# Taller People vs. Shorter People



## NorthernSoul (Nov 7, 2011)

Ok I'm not so much a begginer in the gym but when it comes to the biology and physics of things I suck big time.

I have many friends shorter than me and they can lift heavier than me, if i try the same weight i might be able to do one or two reps but thats it. I mean im chunky, not a tall stick thin kinda guy but my arms are a few more inches longer..

Should that make a big difference?

I understand the concept as well about if a bigger person gained 10lbs of muscle it might only show a little but if a smaller person gained 10lb of muscle it will definately show. So I'm just wondering in this theory it's kind of the same for what you can lift


----------



## Guest (Feb 8, 2011)

yes, shorter people with short limbs often will have a mechanical advantage over tall people with longer limbs and be able to lift more weight.

People who say long limbs = long levers = more weight are stupid.

However, this is not an excuse to slack. Pull your finger out!


----------



## NorthernSoul (Nov 7, 2011)

thanks mike and thats what i get told all the time not to slack LOL  btu i try my very bestest


----------



## Guest (Feb 8, 2011)

Yeah, being tall can be a cnut in this game mate. im 6'3"-6'4" myself, depending on how much heavy lifting ive been doing lol


----------



## MrO2b (Aug 19, 2010)

Work= force*distance

so a longer limbed person will move a weight a greater distance than a shorter limbed person. therefore to achieve the same amount of 'work' they won't need to move as much 'force'

short limbed person 30cm ROM bench press with 150kg is same amount of work as long limbed person with 45cm ROM and 100kg.
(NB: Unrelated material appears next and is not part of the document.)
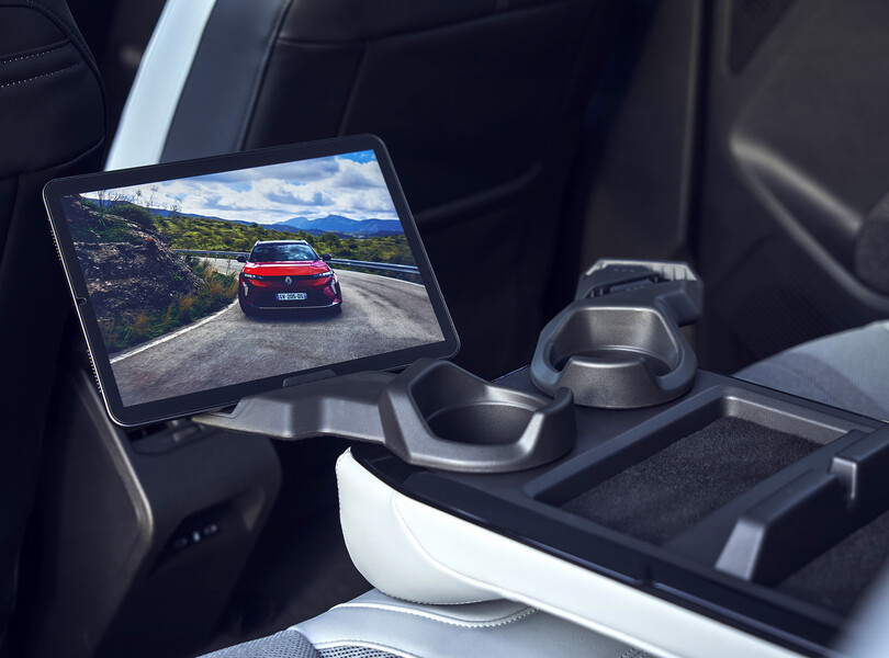 Als cleveres Extra gibt es immerhin eine Handyhalterung in der ausklappbaren Fond-Armlehne, so dass der Nachwuchs beim Tiktok-Gucken die Hände frei hat Foto: Renault

whether it is 'work' or weight which contributes more significantly to hypertrophy is down to many other factors.


----------



## martin brown (Dec 31, 2008)

But the strongest men in the world are not short! The biggest squats, bench presses and deadlift have been done by guys 6 ft or over.

Get stronger, no excuses


----------



## Wardy211436114751 (Jan 24, 2011)

My dad reckons taller people are generally better at the deadlift...?


----------



## Guest (Feb 8, 2011)

martin brown said:


> But the strongest men in the world are not short! The biggest squats, bench presses and deadlift have been done by guys 6 ft or over.
> 
> Get stronger, no excuses


More size, more muscle, more power! lol


----------



## deep85 (Aug 11, 2010)

me and my gym buddy started training together. He is 6ft 2 i am 5ft 6.. we both lift virtually identical weights. However my muscle defination is much better, and appeared much quicker much to his annoyance!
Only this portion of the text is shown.